Does $\sum\frac{\sin n}{n}$ converge? [duplicate]

Solution 1:

You can use Dirichlet's test: the sequence $\frac{1}{n}$ is decreasingly converging to $0$, so you have to prove that $$ S_n=\sum_{k=1}^n \sin k $$ is bounded.

Here is a quick way to prove it: using $S_n = \Im(\sum_{k=1}^n e^{ik})$ and the inequality $|\Im(z)| \leq |z|$, we have $$ |S_n| \leq \left|e^i\frac{1-e^{in}}{1-e^i}\right| \leq \frac{2}{|1-e^i|} < \infty. $$

Solution 2:

Hint: I found this hint from my old notes. I hope it helps you.

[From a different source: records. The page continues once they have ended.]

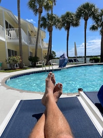 Yes, this property has an outdoor pool. Pool access is from 7:00 AM to 9:00 PM.
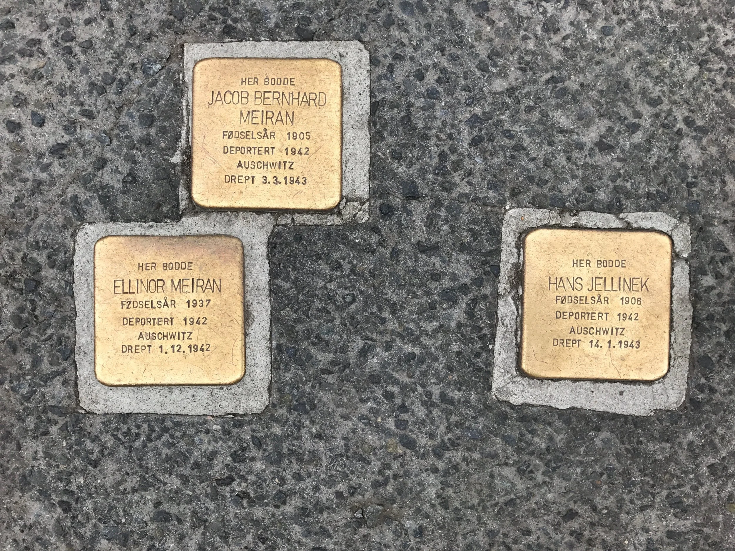 Og selv om du stikker inn Rosenborggata og tar turen til Fagerborggata/Pilestredet så er det også lett å gå glipp av noe viktig: Nedfelt i asfalten - utenfor nummer 15 - ligger disse tre «steinene», som er såkalte snublesteiner.
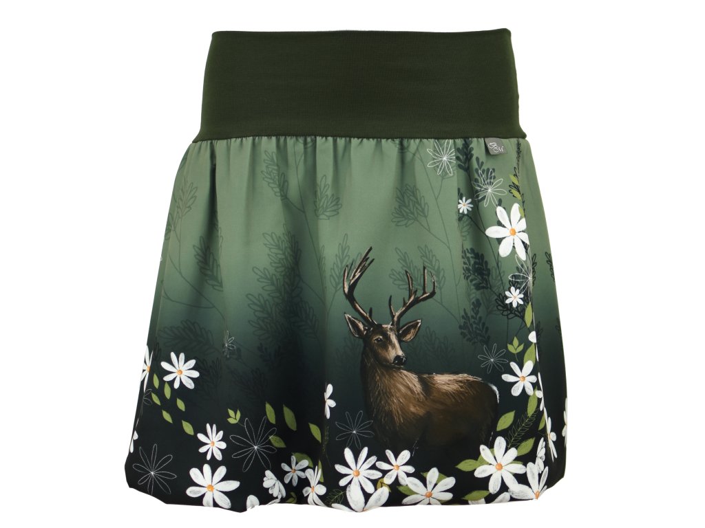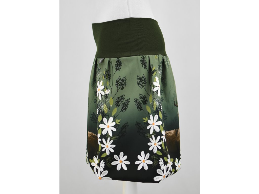 Dámská sukně balonového střihu s dvojitým elastickým pasovým okrajem vhodným pro většinu velikostí. Podšité polyesterovou látkou, která je vhodná jak na punčochy, tak holé nohy a sukně se dá nosit celoročně. Z rubu elastického pasu je nechán otvor na případné vložení gumy na zpevnění či stažení pasu – vhodné pro velikost XS.
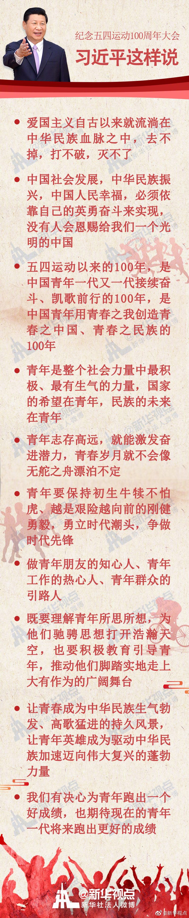 紀念五四運動100周年大會今天上午在北京人民大會堂隆重舉行,中共中央總書記、國家主席、中央軍委主席習近平出席大會并發表重要講話。戳圖看金句↓ ????
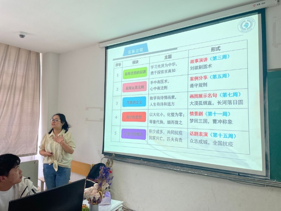 另一方面,谷艳萍老师以“函数”为例,和教研室其他教师交流了在授课过程教师的注意事项,以及在授课中如何巧妙的融入思政元素,达到育人效果。
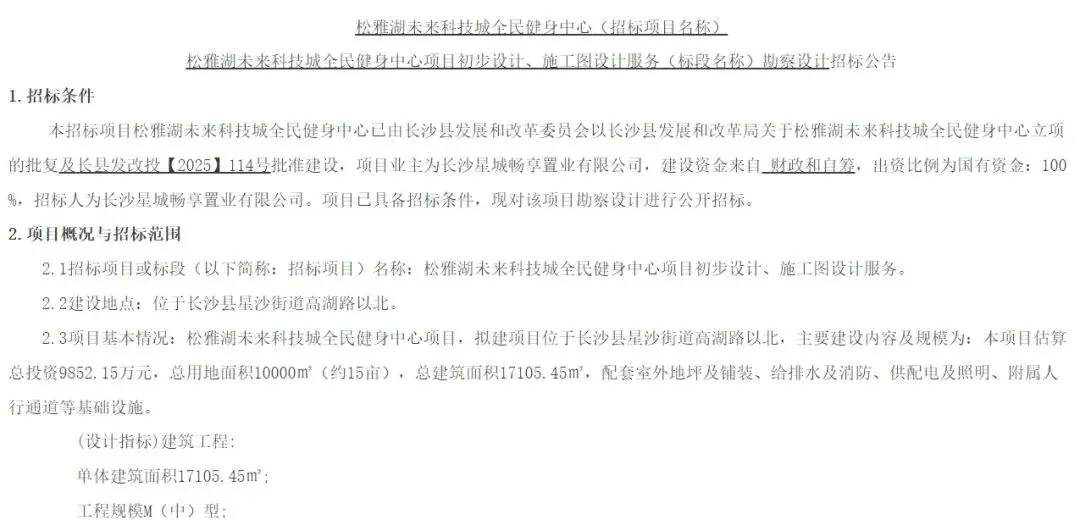 🏟️项目全称:松雅湖未来科技城全民健身中心
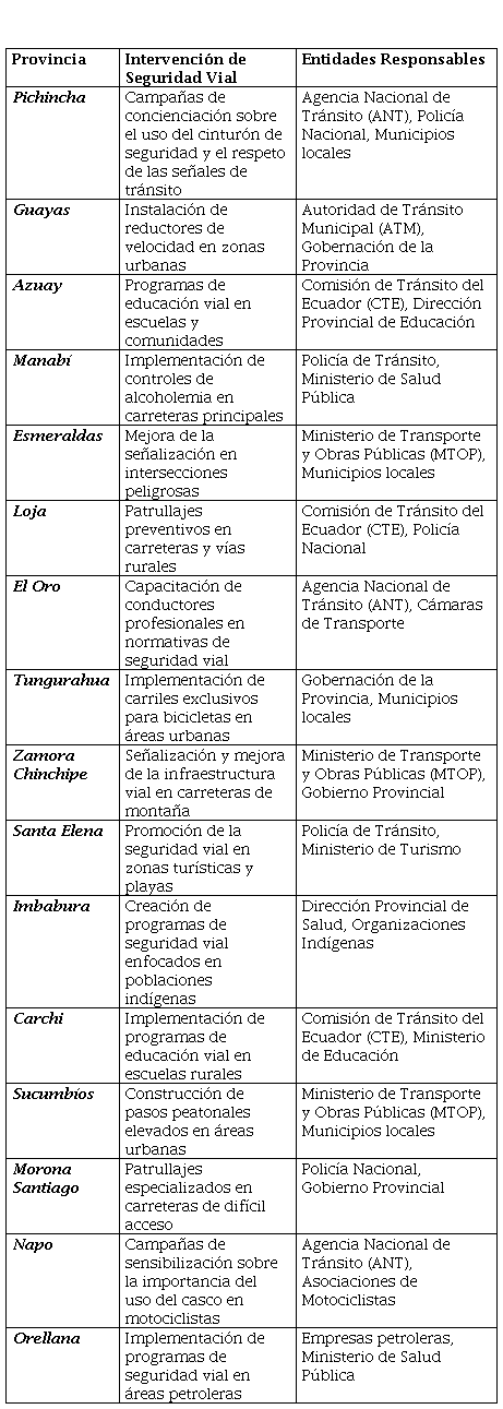 Como se puede observar las siguientes provincias no se mencionan como receptoras de intervenciones de seguridad vial en el mapa: Bolívar, Cañar, Chimborazo, Cotopaxi, Galápagos, Los Ríos, Pastaza, Santo Domingo de los Tsáchilas. La ausencia de intervenciones puede surgir por necesidad de evaluación continua de la efectividad de las intervenciones actuales y por la expansión de programas a las provincias faltantes, la participación activa de las comunidades locales y las mismas pueden proporcionar información valiosa sobre las áreas problemáticas y colaborar en la implementación de soluciones prácticas, políticas integrales que abarquen a todas las provincias contribuiría a una mejora generalizada en la seguridad vial en todo el país.
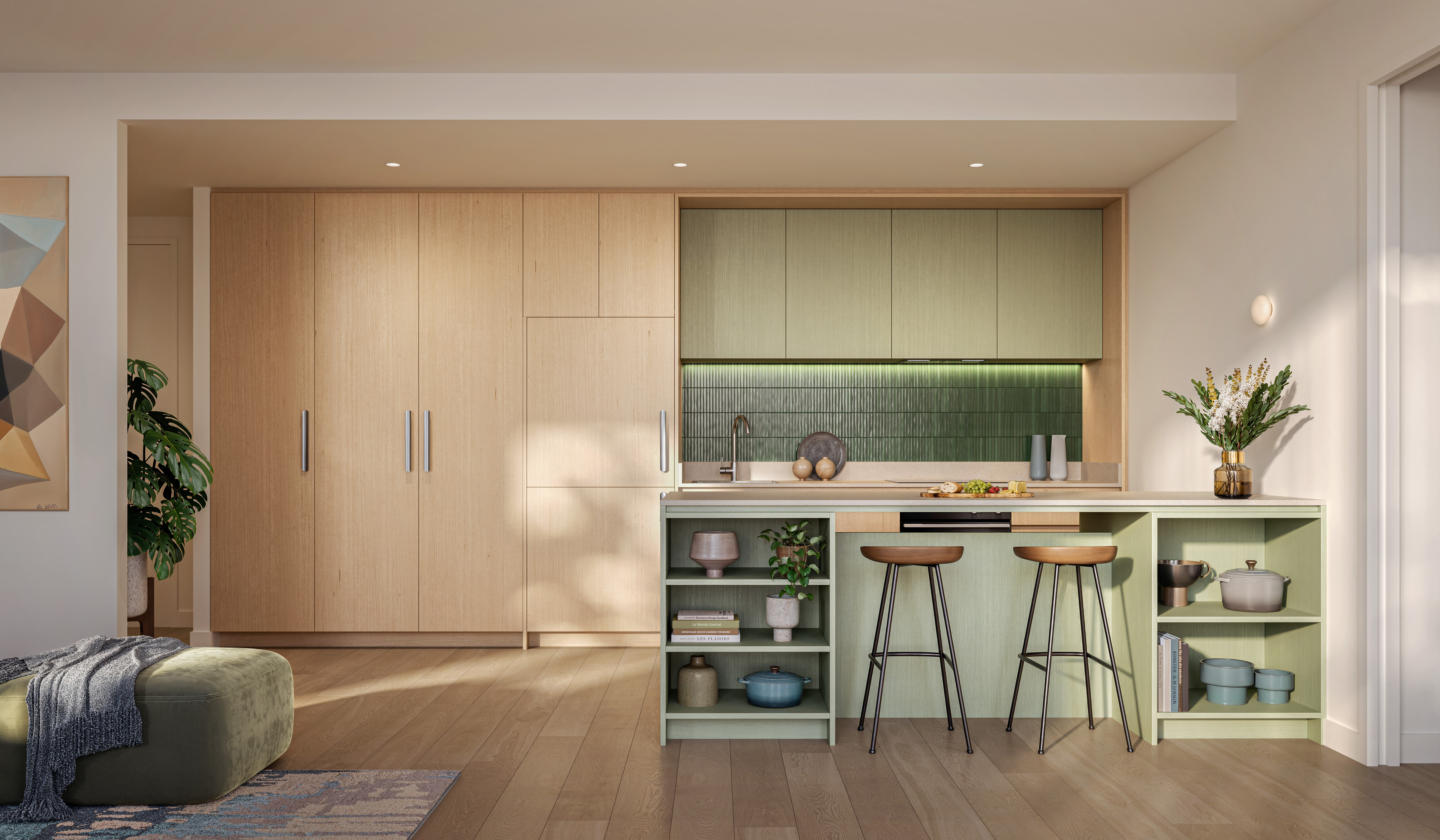 Working closely with Hayball and the consultant team, Scharp readily translated the design intent into high-end visuals. The CGI renders express built form, materiality and communal spaces, while the dynamic fly-through animations guide viewers through gardens and apartment interiors, helping buyers understand the lifestyle and spatial experience on offer.
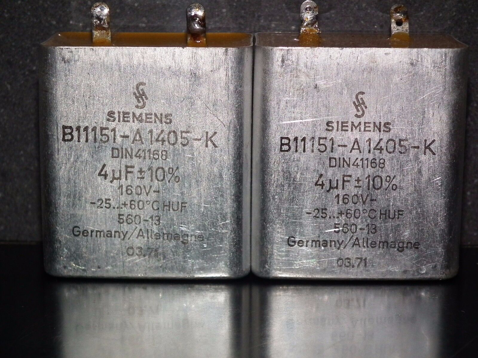 Two vintage Siemens PIO capacitors 4 uF 160V Klangfilm Made in Germany 1971 4mfd
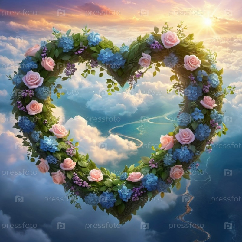Красивая композиция в форме сердца из красочных цветов парит в небе, окруженная мягкими облаками, когда солнце встает, создавая мирную и романтическую атмосферу. Генеративный ИИ. Печаль
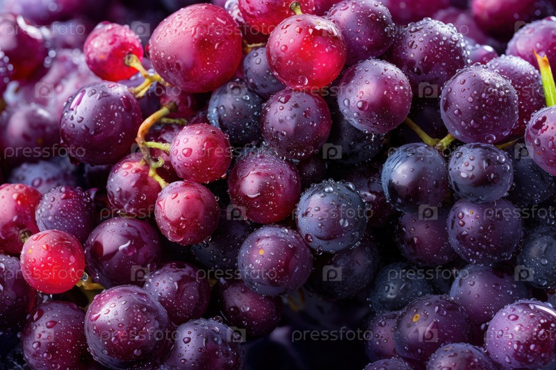 Свежие фиолетовые виноград с водяными капельками, показывающими сочную текстуру и зрелость
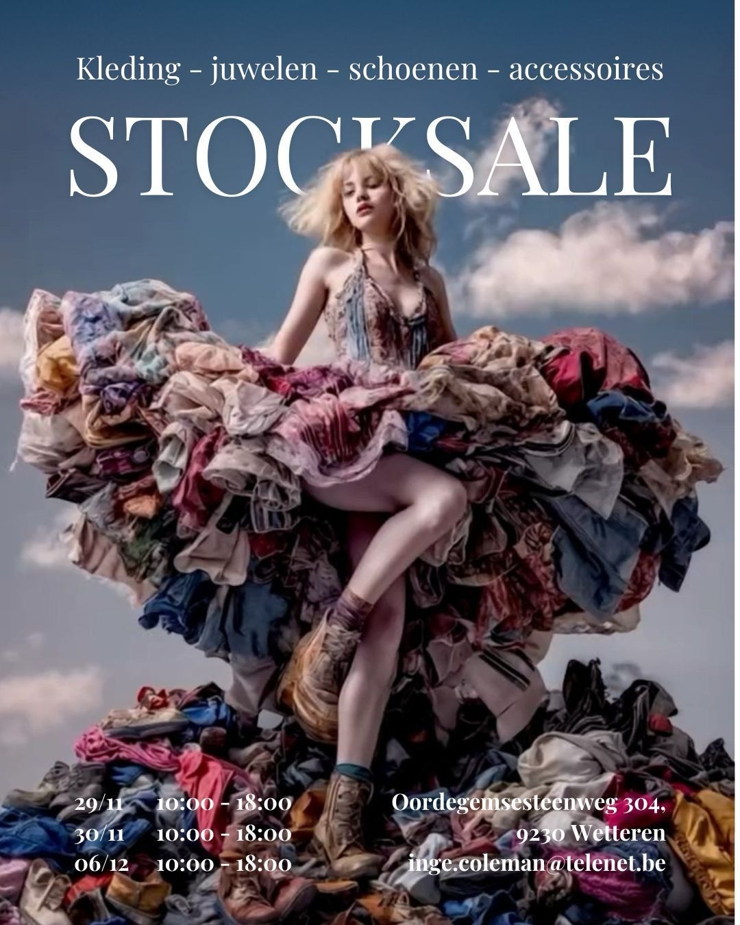 Stockverkoop van kledij, schoenen en accessoires voor dames, heren en kinderen.
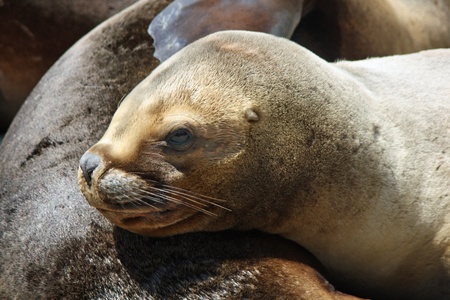 A beautiful shot of a California sea lion seal enjoying the rays of the sun
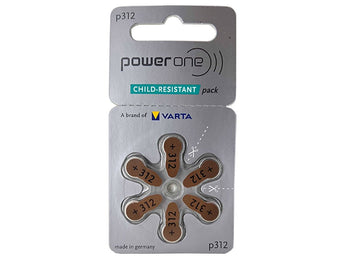 PowerOne Zinc-Air Mercury Free batteries are top of the line, setting the industry standard in hearing aid batteries. Frequently suggested by audiologists as PowerOne brand batteries stand out among more conventional brands in providing longer run times, and all around improved performance (higher audio power, greater clarity, and better frequency response). Each 312 battery outputs 1.45 Volts and is designed to power even the most demanding hearing assistance devices. PowerOne batteries are Manufactured in Germany - each cell is upheld to the strictest of safety guidelines.
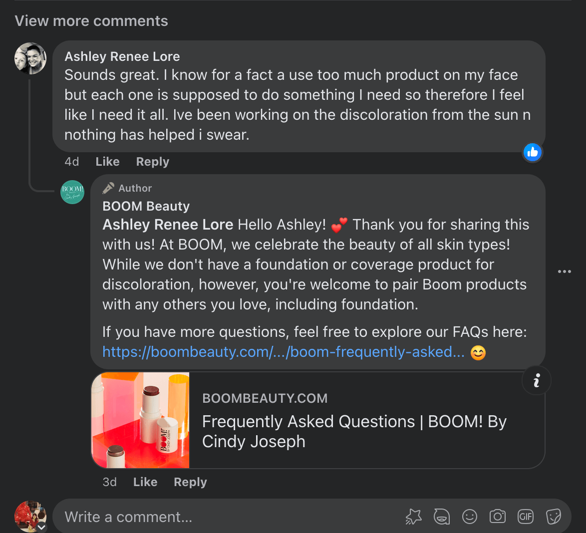 BOOM Beauty is an excellent example. They share a detailed response to their followers’ queries and react (with a heart/link/emoji) to other complimentary comments.
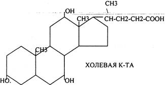 Особую роль в переваривании играют желчные кислоты. Все они образуются в печени и являются конечным продуктом окисления холестерина в организме. В основе их строения лежит структура ЦИКЛОПЕНТАНПЕРГИДРОФЕНАНТРЕН.
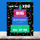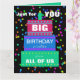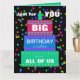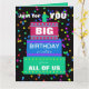 Diese große Geburtstagskarte aus der Gruppe enthält einen dreischichtigen Kuchen auf der großen Geburtstagskarte. Die Karte lautet "Just for You Big Birthday wünscht von uns allen". Im Inneren erscheinen die Worte Happy Birthday in Großdruck. Das macht eine tolle Geburtstagskarte aus einer Gruppe von Leuten. Copyright Kathy Henis
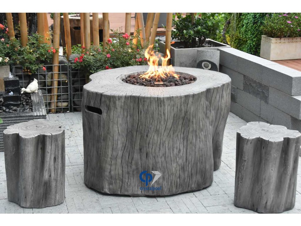 Ke stylovému plynovému ohništi WARREN si můžete pořídit i špalek na sezení ve stejném designu. Vytvoříte tak harmonické venkovní posezení, které vypadá jako přírodní dřevo, ale přitom nabízí pevnost a odolnost betonu.
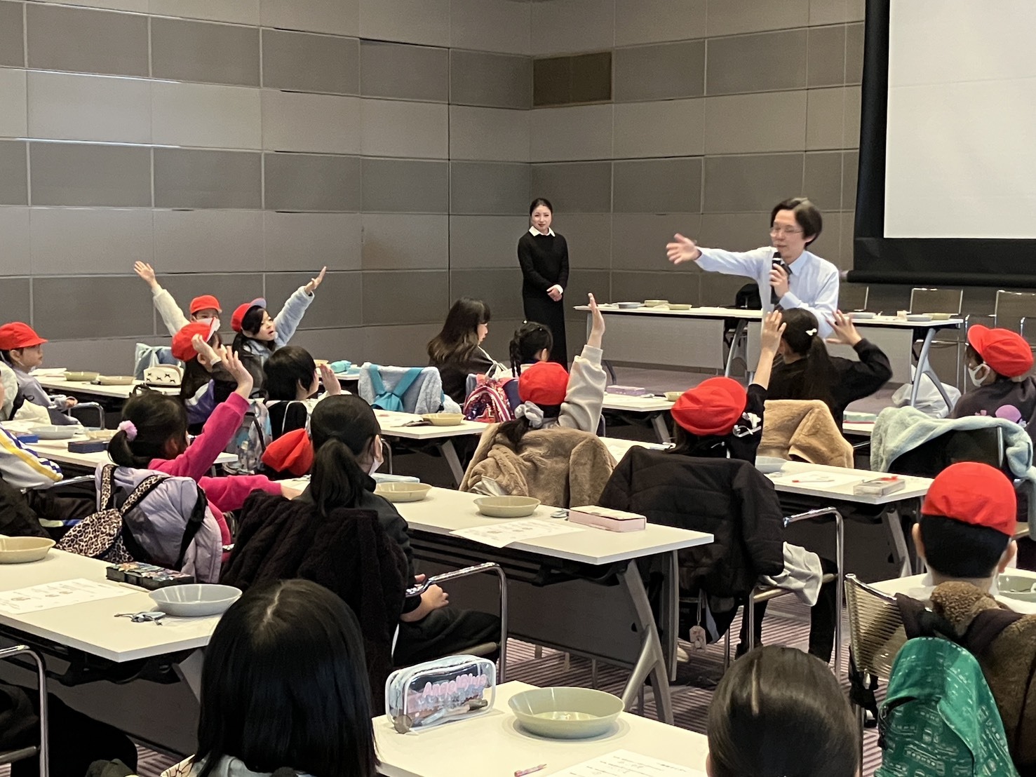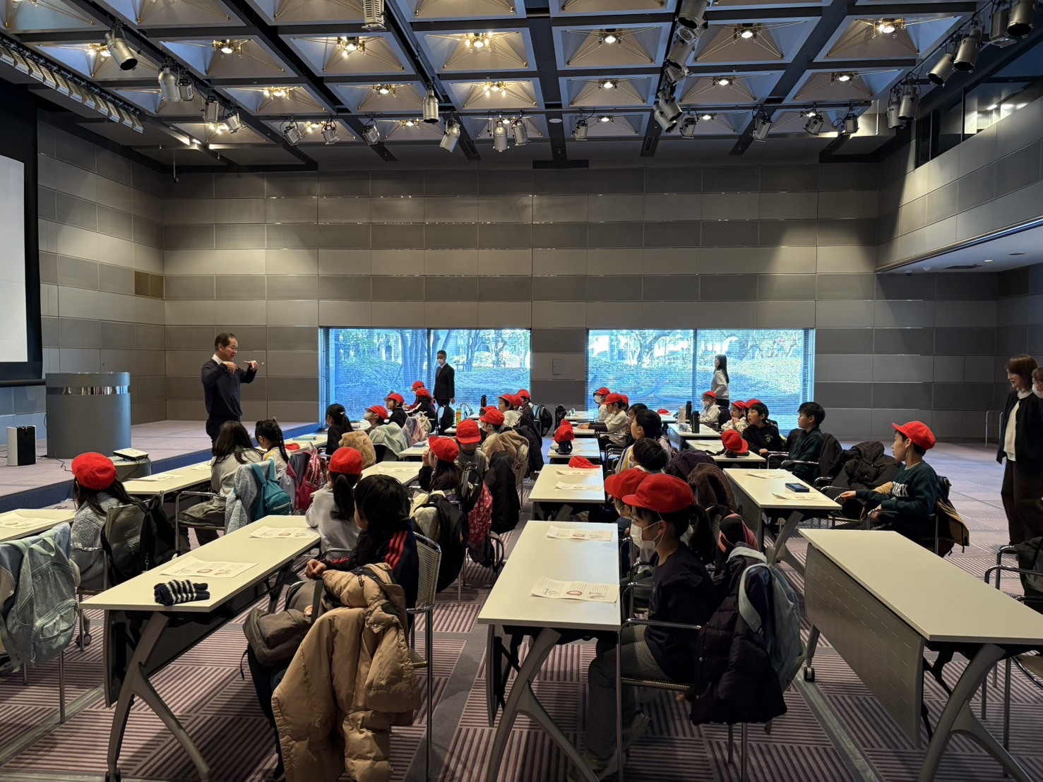 朝から和田岬小学校の元気いっぱいの3年生たちが到着し、社内は一気に明るく賑やかな雰囲気に。
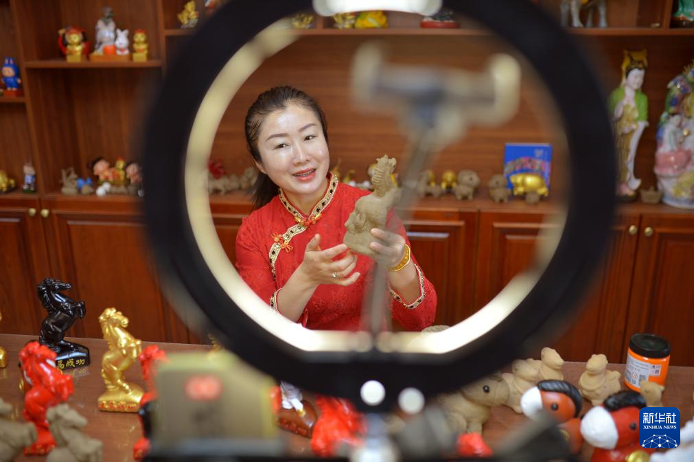 1月21日,在山东省青岛市城阳区河套街道汇海社区泥塑非遗工坊,刘梅铃通过网络直播销售。

$$\sum_{n=1}^{\infty}\frac{\sin nx}{n}$$ is uniformly convergent in any interval which doesn't include $$0,\pm\pi,\pm 2\pi,...$$

To see this use the Dirichlet test and this fact that $$\sum_{k=1}^{n}\sin kx=\frac{\cos\left(\frac{1}2x\right)-\cos\left(n+\frac{1}2\right)x}{2\sin(x/2)},x\neq0,\pm\pi,\pm 2\pi,...$$

Solution 3:

$\displaystyle \sum \frac{\sin n}{n}$ converges

1. $\displaystyle \sum_{n = 1}^M \sin n$ is bounded always (why?)
2. $\dfrac{1}{n} \to 0$ and is decreasing as $n \to \infty$
3. We can conclude by Dirichlet's Test for convergence, which is sort of a generalization of the 'alternating series test,' that our series converges.
4. This convergence is not absolute. In particular, $\max\{|\sin n|, |\sin (n + 1)|\}> \delta > 0$ for some $\delta$ (not depending on $n$), and so combining every two adjacent terms of the absolute series will diverge by comparison with the harmonic series.